Trace the template from the contour diagram onto the ends of the parts and cut the lower edge to shape, using a band saw or jig saw. Sand the edges of the parts and round over the upper and lower edges with the router. Don’t round over the ends.

Find a socket wrench to fit the head of your ⅜" lag bolts. Drill a hole into each leg of the bed to fit this socket. This should be ⅞" but, if you are lucky, you may get away with ¾". A thin, inexpensive socket is a benefit in this instance. Using a forstner or spade bit, drill the ⅜" deep countersink hole at a height about 1 ½" above the bedrail support notch in the leg. The hole should be centred in the face of the leg.

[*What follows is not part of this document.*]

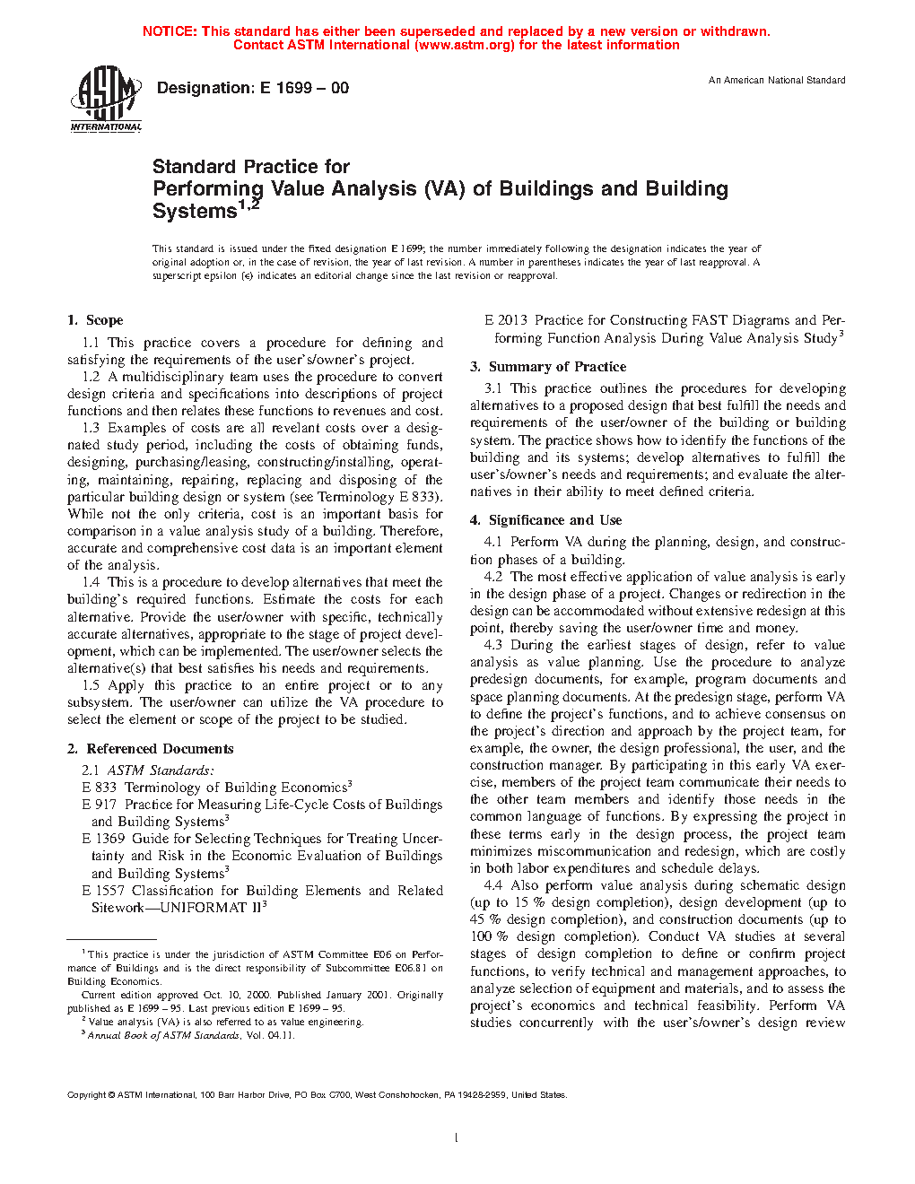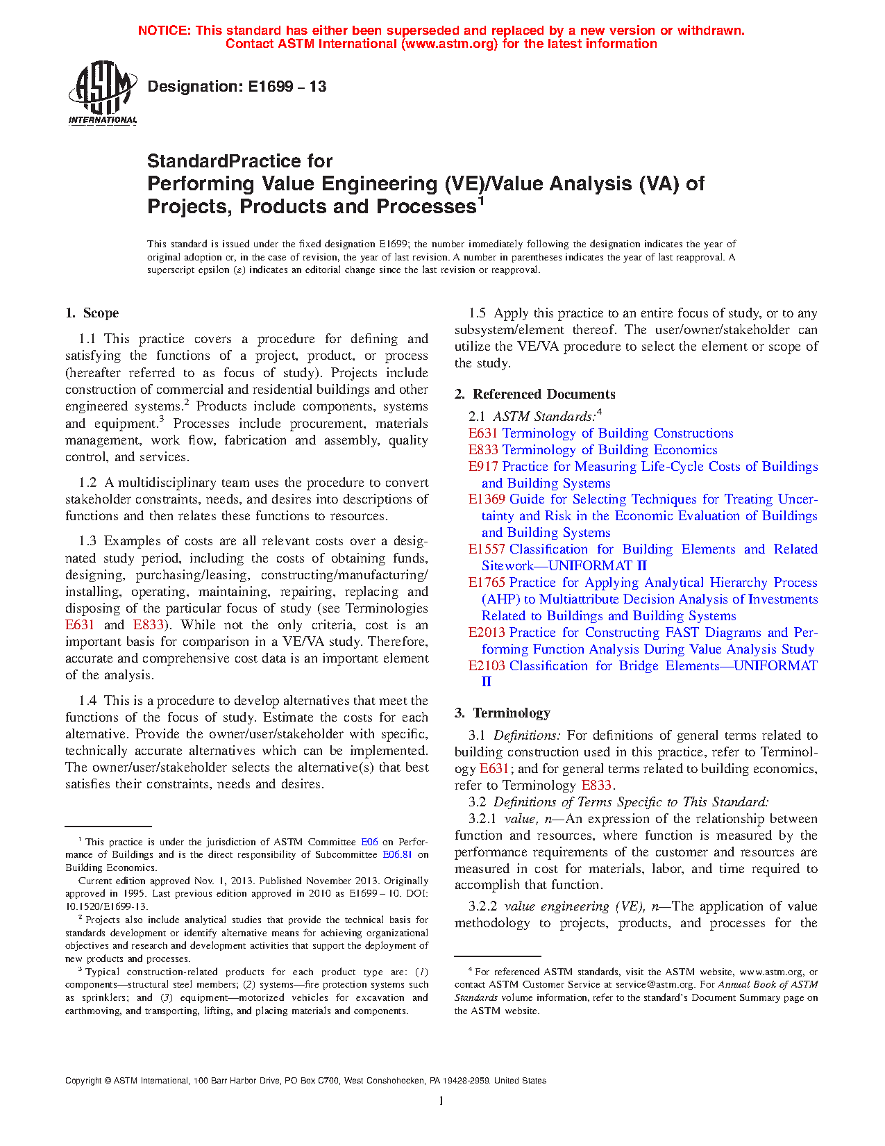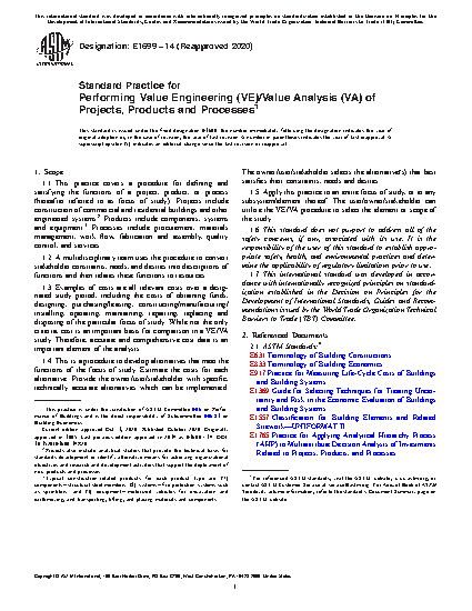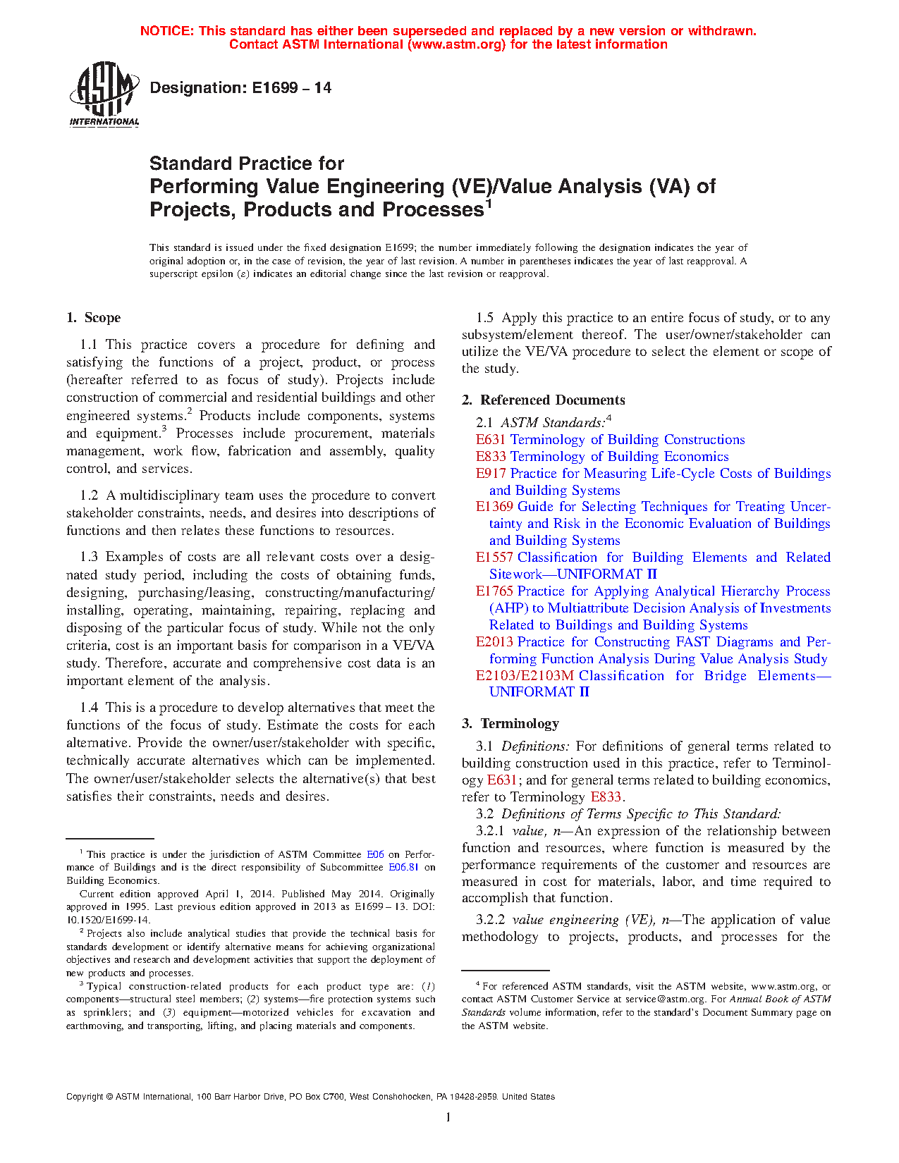 1.1 This practice covers a procedure for defining and satisfying the functions of a project, product, or process (hereafter referred to as focus of study). Projects include construction of commercial and residential buildings and other engineered systems.2 Products include components, systems and equipment.3 Processes include procurement, materials management, work flow, fabrication and assembly, quality control, and services.

Position the bedrail on the support notch, recessed about ¼" from the face of the bed. This recession is needed to allow the bedrail to fit the rounded edges of the legs. Using a ¼" drill bit, drill through the centre of the countersink hole, into the bedrail. Remove the leg and deepen the ¼" hole as much as the bit will allow. On the leg, enlarge the hole to ⅜" diameter.

Place a flat washer over the 6" x ⅜" lag bolt and drive the bolt firmly into the bedrail with a socket wrench. Repeat with all four corners of the bed. Since the hole alignment may differ slightly at the different corners, number the parts.
 
Cut bed frame slats
Cut bed frame slats and install them equally spaced. Each slat is held with a single woodscrew at each end. A minimum of four slats is required but you can add more if you like. They serve to guide the boxspring into place in the bed frame.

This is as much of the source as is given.